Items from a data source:
--- --- ---

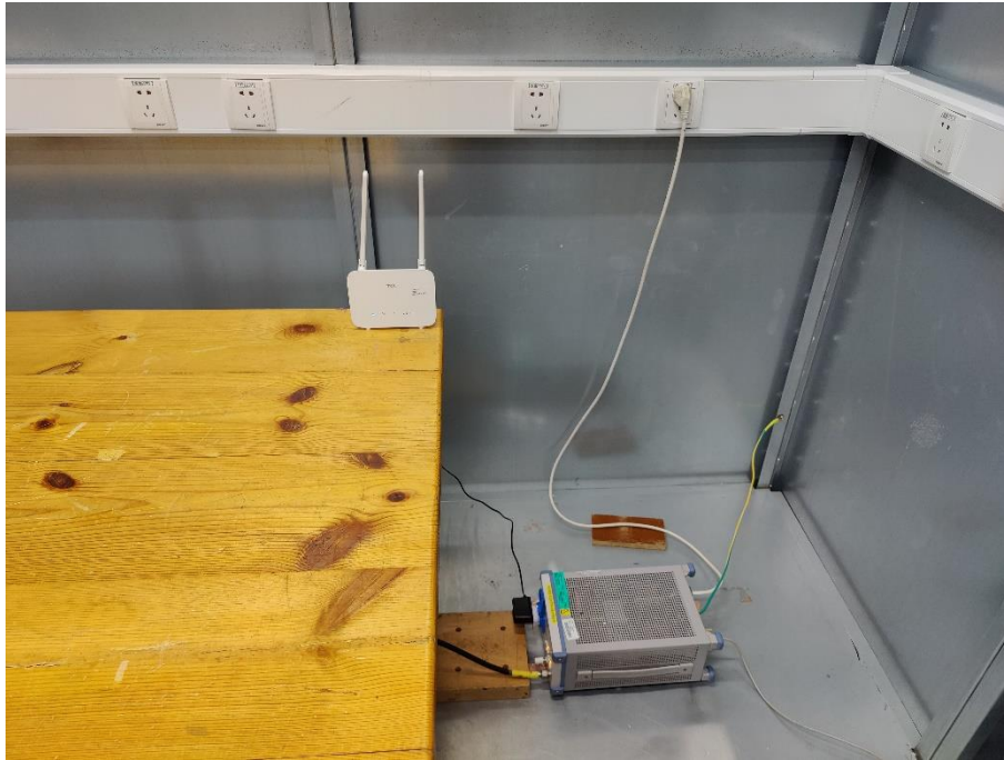
5. Conducted Emission (Part 15B, Wired network function)
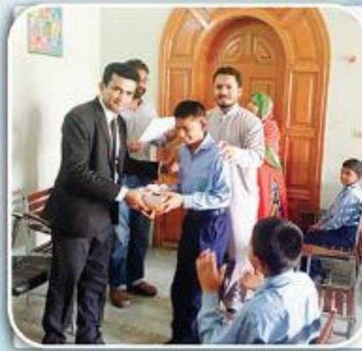
Prize Distribution Ceremony for Child Protection School Bahawalpur
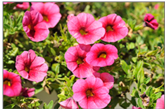
Colibri Malibu Pink Calibrachoa flowers
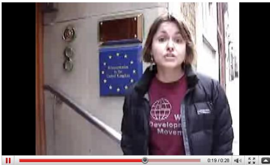
Figure 11: Stills from WDM's WSF Day of Action video in YouTube

The video from the WSF Day of Action shows an unedited shot from the offline event outside the European Commission's offices in London. In the clip a WDM member wearing a WDM t-shirt talks to the camera, explaining that they are there "to protest against the unfair trade deals that Europe are pushing across the developing world". 31 Although the SMOs Friends of the Earth and War on Want are not visible in the shot, the WDM member tells the camera that they are part of the event. The combination of the visual representation of WDM and the verbal reference to the two SMOs yet again demonstrates the contradictory relationship between promoting WDM and
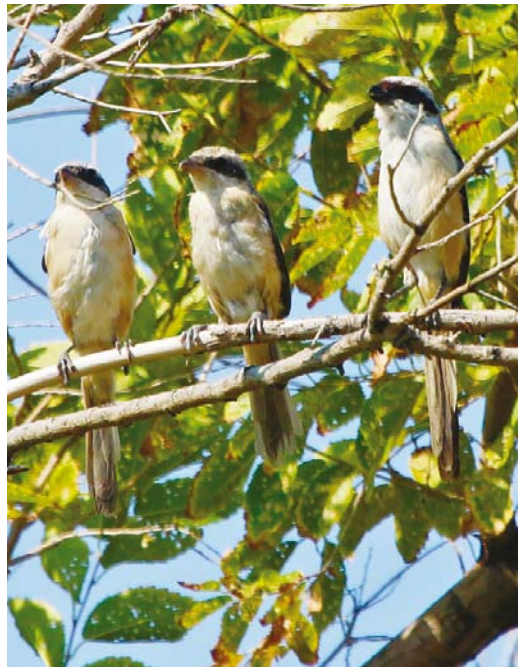
146 Long-tailed Shrikes / Langstaartklauwieren Lanius schach erythronotus , adult with juveniles, Victory Park, Atyrau, Kazakhstan, 6 August 2016 (Fedor Sarayev)

The adults were easily distinguished from other shrike species by the bright, contrasting colours and the very long tail (cf Lefranc & Worfolk 1997, del Hoyo et al 2008). The photographs show all plumage characters typical for this species: 1 grey crown and nape; 2 grey buff-tinged mantle; 3 bright buff back, rump and uppertail-coverts; 4 black forehead, lore and ear-coverts forming black mask; 5 faint off-white supercilium; 6 off-white throat, breast and belly with buff tinge (most prominent on flank and undertail-coverts); 7 brownish-black wing; 8 almost black wing-coverts; 9 dark brown primaries with white base,
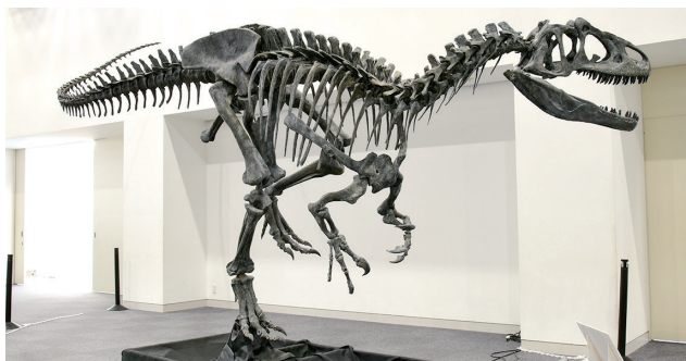
FIGURE 12. Mounted skeleton of Allosaurus fragilis , FPDM-V9701 (cast).
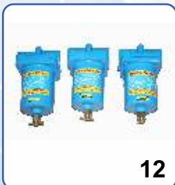
12 THREE STAGE FILTER 20 CFM TO 800 CFM
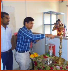
Opening ceremony of Three days Workshop on Website Development

Computer Dept has organized the three days of workshop on Web development and Industrial training by Virtue Infotech Pvt. Ltd. Pune .
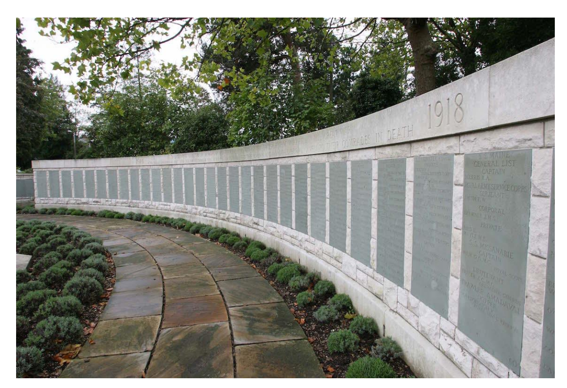
Name Panels behind Cross of Sacrifice
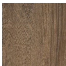
Exemplify 03004 V3 - Moderate Variation
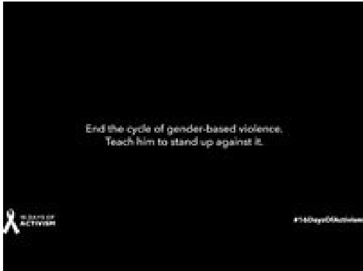
Film Crafts - Campaign Craft Certificate
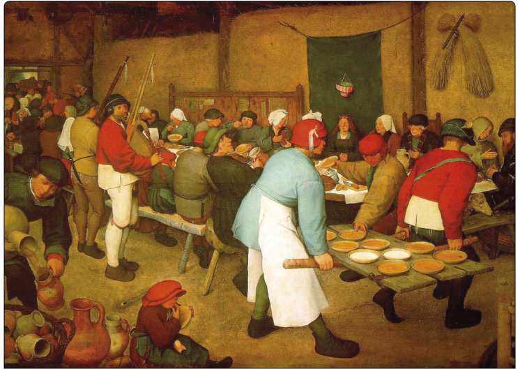
The Great Banquet in the Kingdom of God will be greater than anything we can imagine here on earth. Pieter Breugel the Younger, "The Peasant Wedding Banquet" (1568), Kunsthistorisches Museum, Vienna.

I take this opportunity to thank all those missionaries who, in response to Christ’s call, have left everything behind to go far from their homeland and bring the Good News to places where people have not yet received it, or received it only recently. Dear friends, your generous dedication is a tangible expression of your commitment to the mission ad gentes that Jesus entrusted
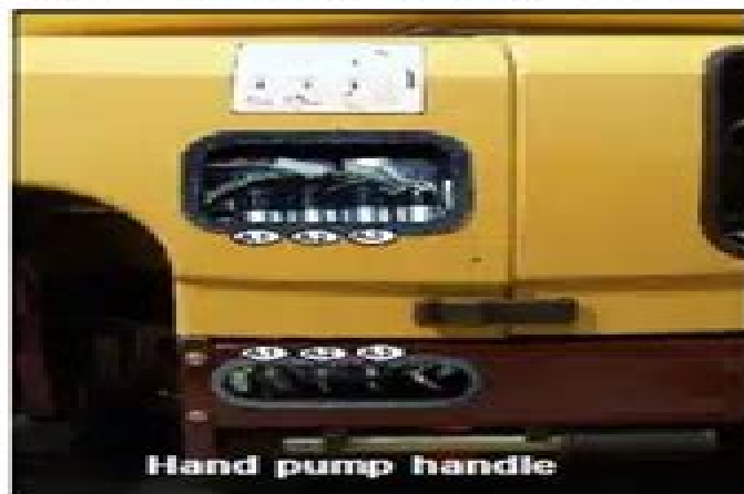
Fig. 4.4 - Breakdown control panel.

Depress the emergency stop switch on the lower control panel. Insert the hand pump handle in the hand pump (fig.4.5.). Activate the handle vertically while activating the manual control push button corresponding to the desired movement.
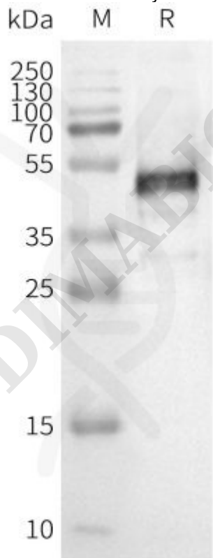
Figure2. WB analysis of Human OR1E1-Nanodisc with anti-Flag monoclonal antibody at 1/5000 dilution, followed by Goat Anti-Rabbit IgG HRP at 1/5000 dilution
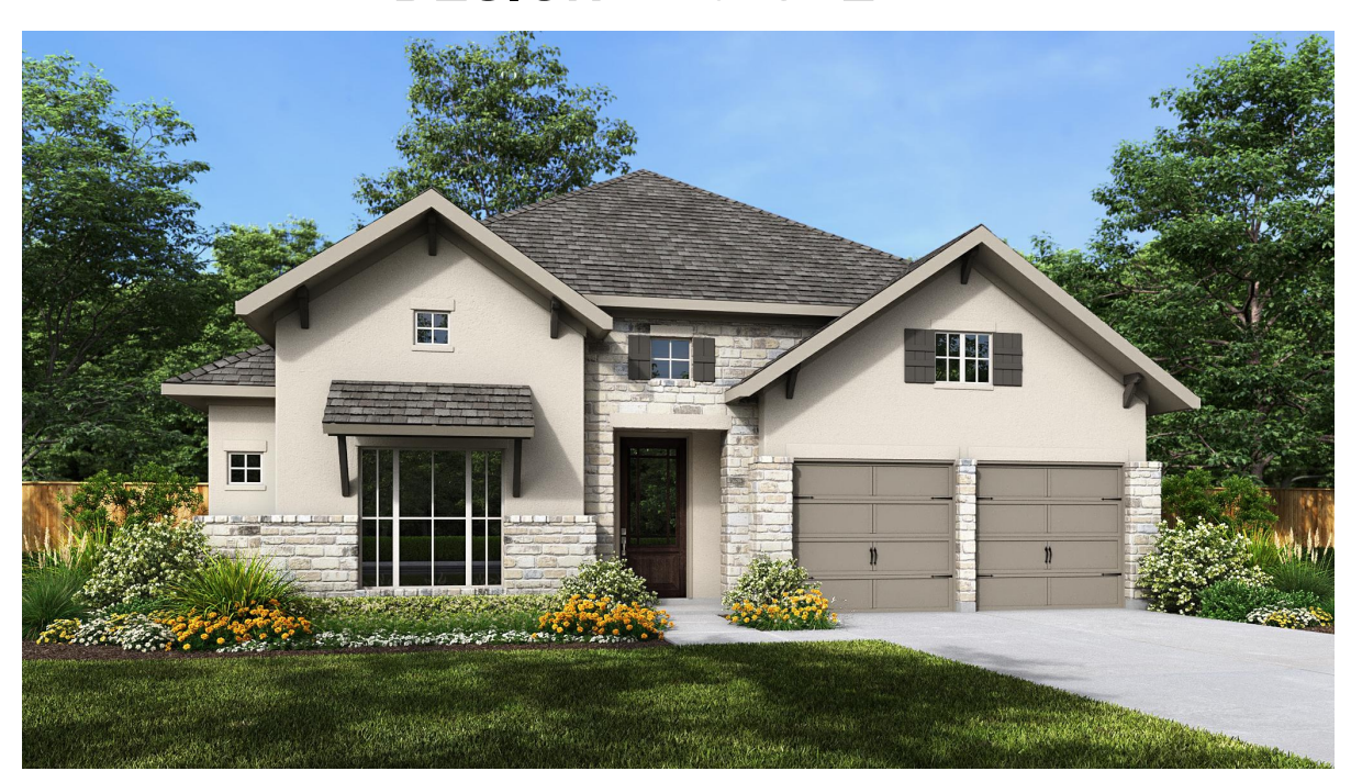
DESIGN 2737S E-30
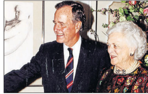
George and Barbara Bush shake hands at Club Colette in March 1994. The former president died late Friday at 94 at his home in Houston.
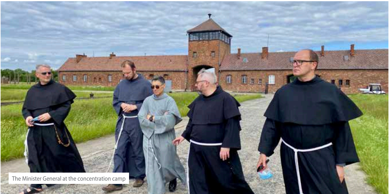
The Minister General at the concentration camp

of massive love. It was as though St. Maximilian's great love were still present, mixed with the cold air and darkness of the cell. Moreover, this is a great mystery, because that love is Love with a capital L; it is the love of the Lord. I also experienced union with the Cross, the Cross of Jesus; not as an abstract idea, not as a rational discourse, but just as a feeling, because that was Love, too. In the isolation of the cell, facing death, in the dark, in spite of everything, one still feels Love with a capital L.
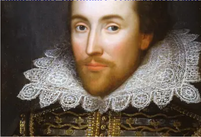
William Shakespeare, 1564 - 1616

Shakespeare Birthplace Trust secures Lottery grant to unlock the heritage of
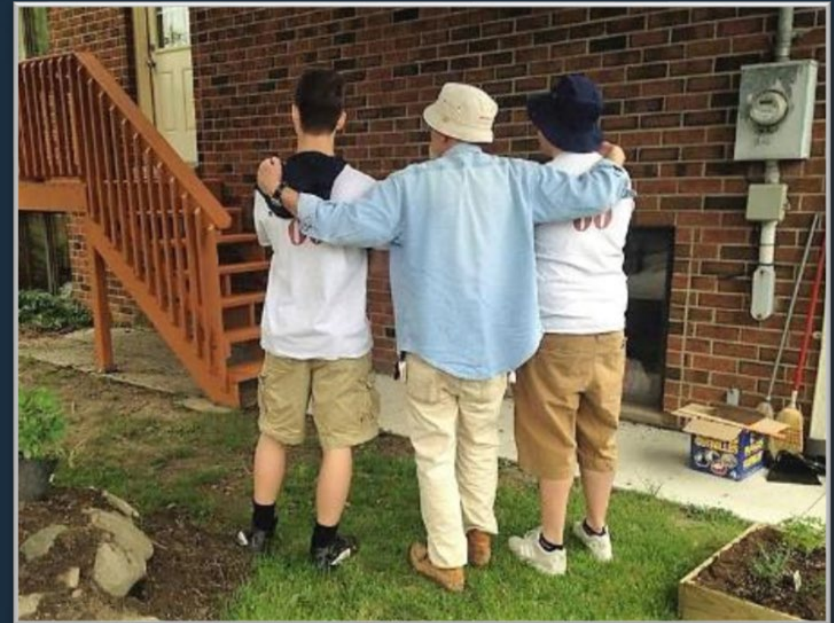
WRYM past residents at work
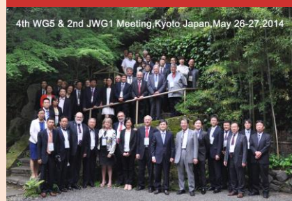
4th WG5 & 2nd JWG1 Meeting, Kyoto Japan, May 26-27, 2014
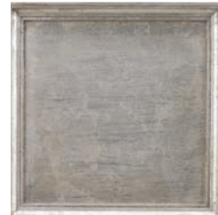
PL: Platinum Leaf (L) A true leafing process, silver leaf sheets are hand applied to the wood frame, cured and glazed over.
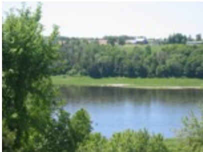
Can you see them??

They had so much fun that they forgot to stop paddling once they hit land!!!
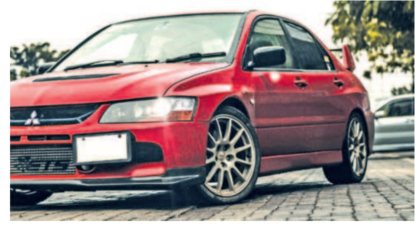
AWD Turbo goodness - the Mitsubishi Lancer Evo is still a favourite.
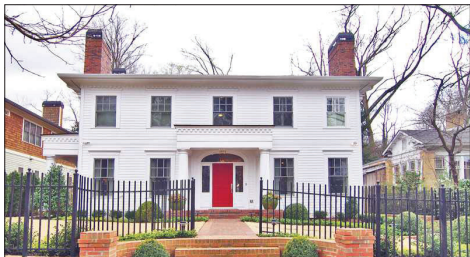
Atlanta, Georgia: Outstanding five bedroom, 4-1/2 bath home built in 2005 is the total package. $1,250,000 Engel & Völkers Intown Atlanta +1 404-874-6357
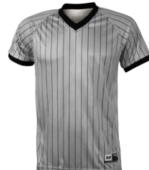
WRESTLING/BASKETBALL/SOCCER SHORT SLEEVE V-NECK $49.99
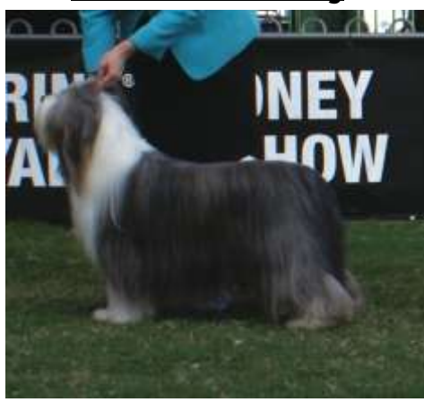
1.Gr Ch Stylwise Paparazzi J Buckley
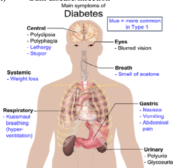
Figure 2: Symptoms of Diabetes
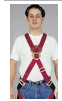
TYPICAL BODY HARNESS
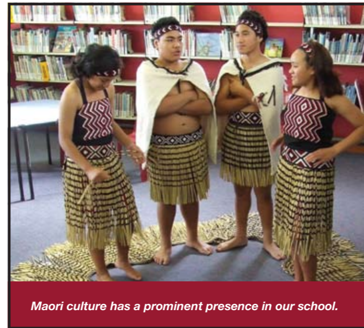
Maori culture has a prominent presence in our school.
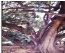
T11172 Ceratonia siliqua
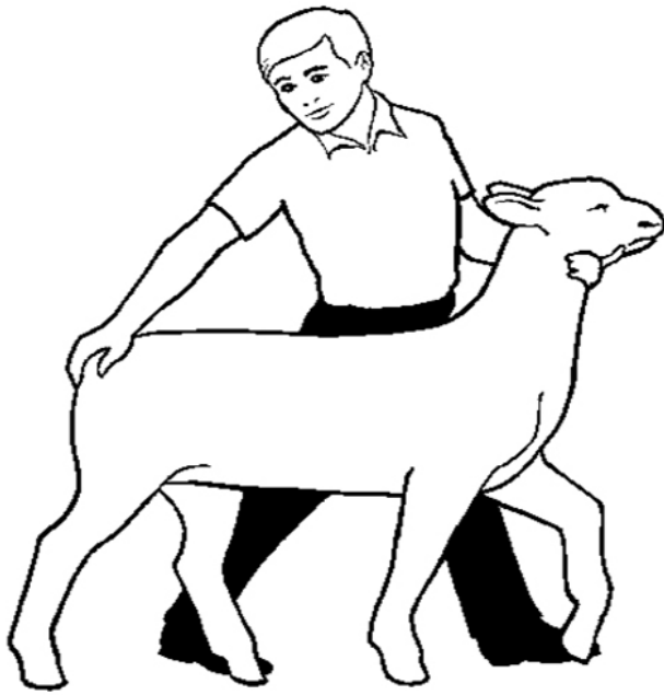
Figure 2. Lift the lamb's dock to encourage your lamb to walk.

pulled from the profile line, move forward to fill any resulting space. Reset your lamb, and watch the judge with each move forward. Once you are pulled to the placing line, remember the class is not over. Be sure to keep the lamb set up and looking its best.
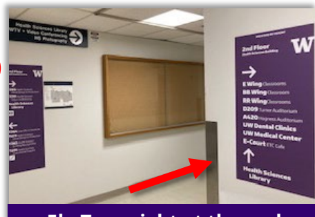
5b. Turn right at the end toward the library
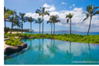
Relax in Luxury at Wailea Beach Villas

--- --- ---

Reply with the number of lines in the data that include the string "lamb" and nothing else.

2